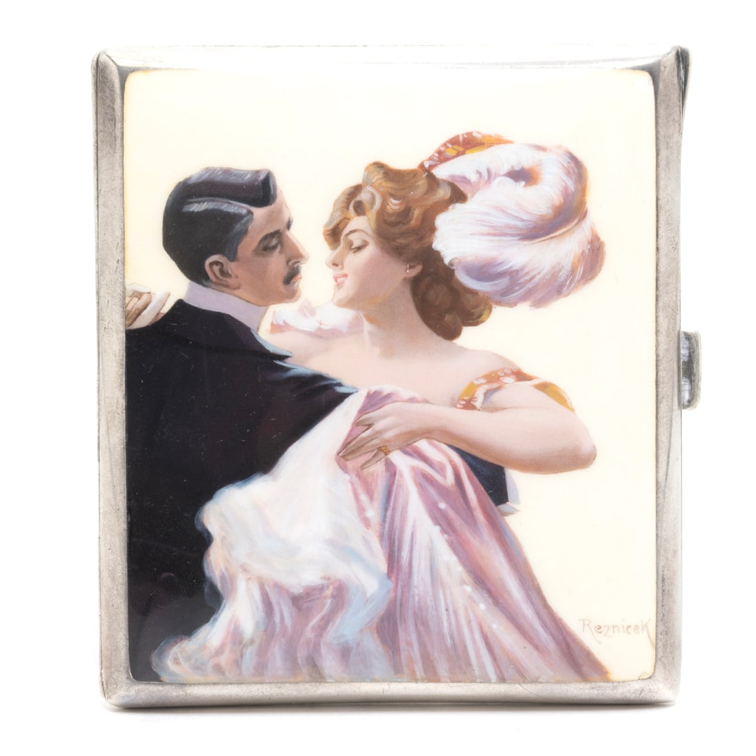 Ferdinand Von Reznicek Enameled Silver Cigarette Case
...
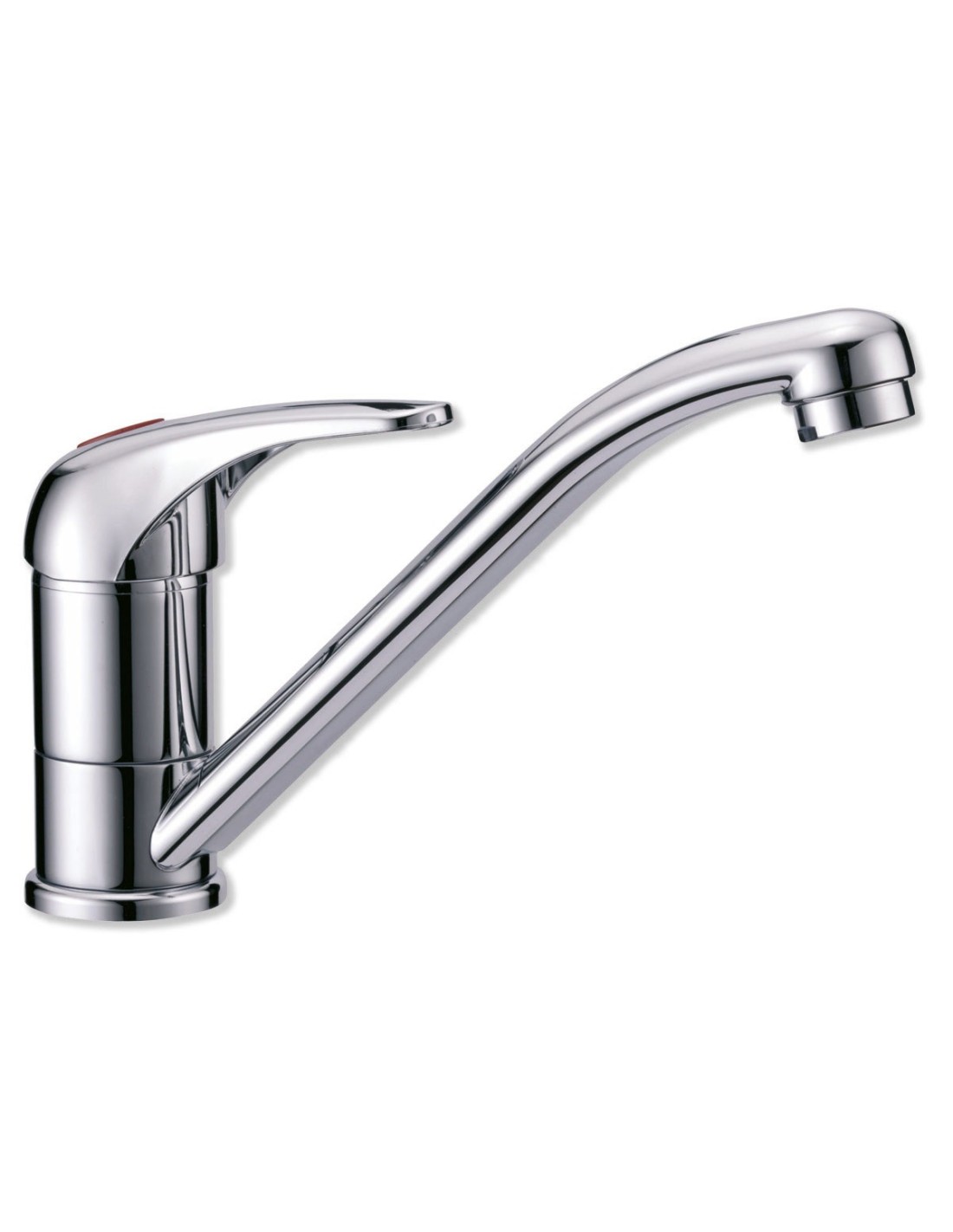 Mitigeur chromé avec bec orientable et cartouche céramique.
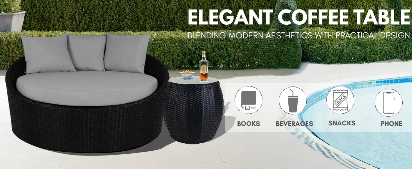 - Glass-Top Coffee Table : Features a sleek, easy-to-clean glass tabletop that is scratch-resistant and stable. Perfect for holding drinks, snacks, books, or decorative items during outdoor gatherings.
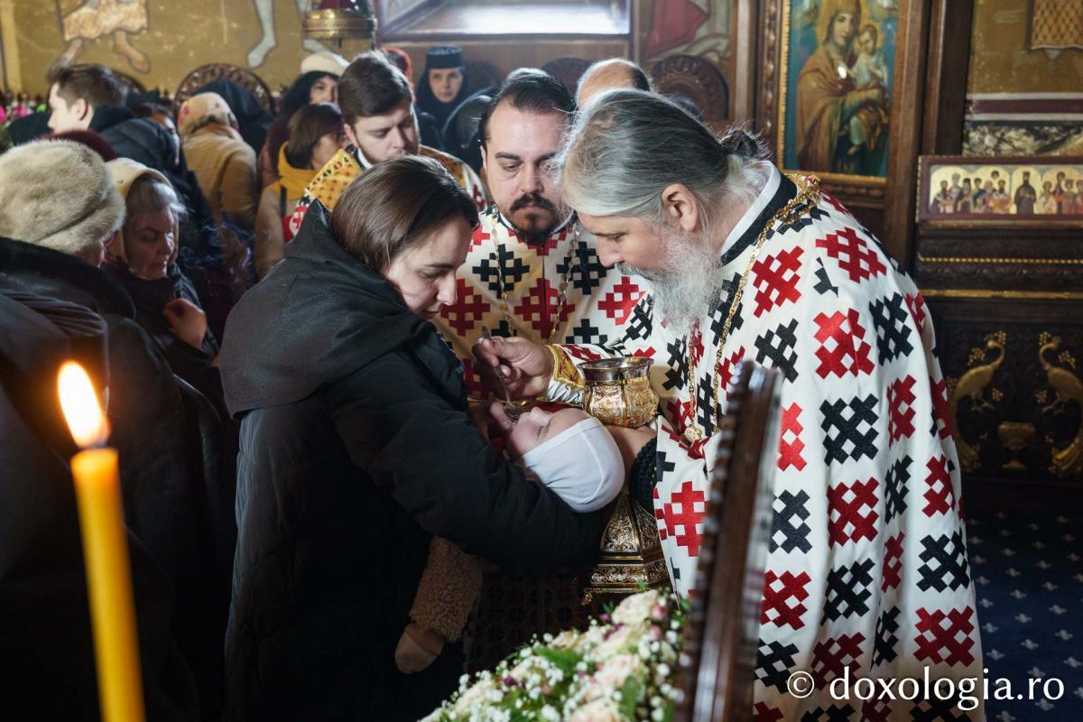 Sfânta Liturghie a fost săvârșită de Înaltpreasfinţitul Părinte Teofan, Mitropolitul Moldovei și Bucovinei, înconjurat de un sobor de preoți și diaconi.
==
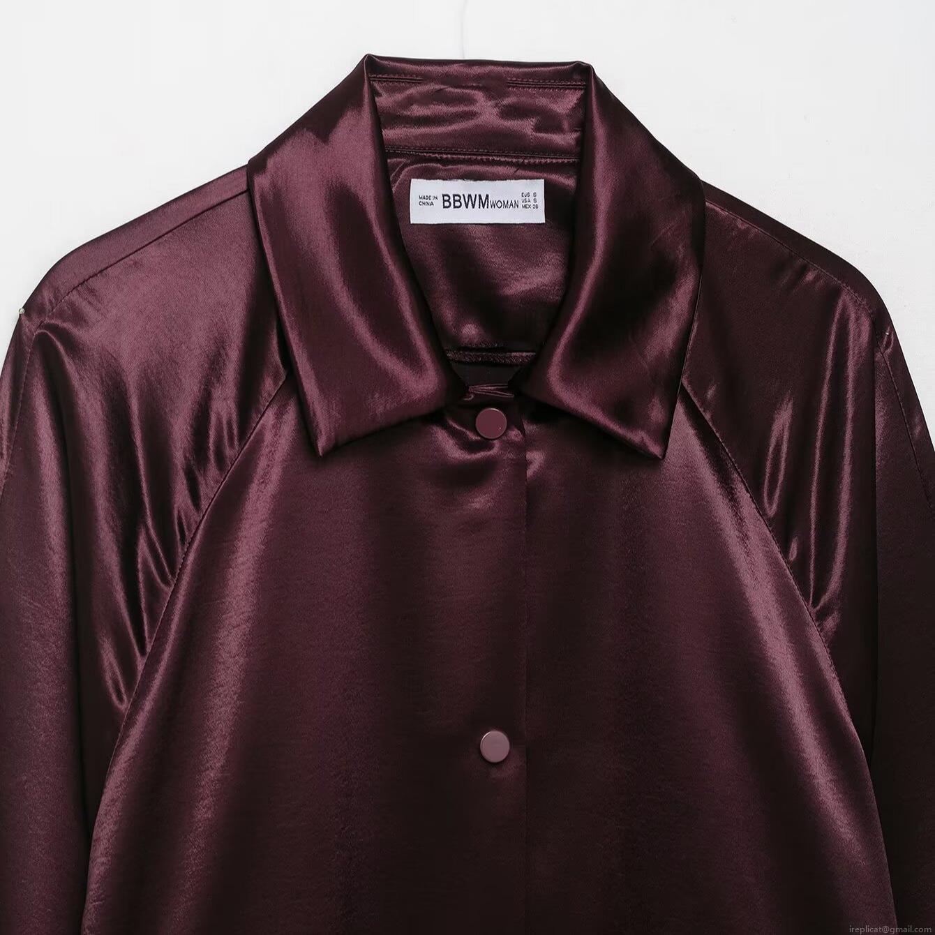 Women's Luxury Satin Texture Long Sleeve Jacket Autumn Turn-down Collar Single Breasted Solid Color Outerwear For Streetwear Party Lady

_ABOUT THIS EXERCISE_
The lines above from the line with "Mitigeur chromé avec" through the line with "Sfânta Liturghie a" are to be given again word for word, with no pictures among them.

_RESPONSE_
 Mitigeur chromé avec bec orientable et cartouche céramique.
 - Glass-Top Coffee Table : Features a sleek, easy-to-clean glass tabletop that is scratch-resistant and stable. Perfect for holding drinks, snacks, books, or decorative items during outdoor gatherings.
 Sfânta Liturghie a fost săvârșită de Înaltpreasfinţitul Părinte Teofan, Mitropolitul Moldovei și Bucovinei, înconjurat de un sobor de preoți și diaconi.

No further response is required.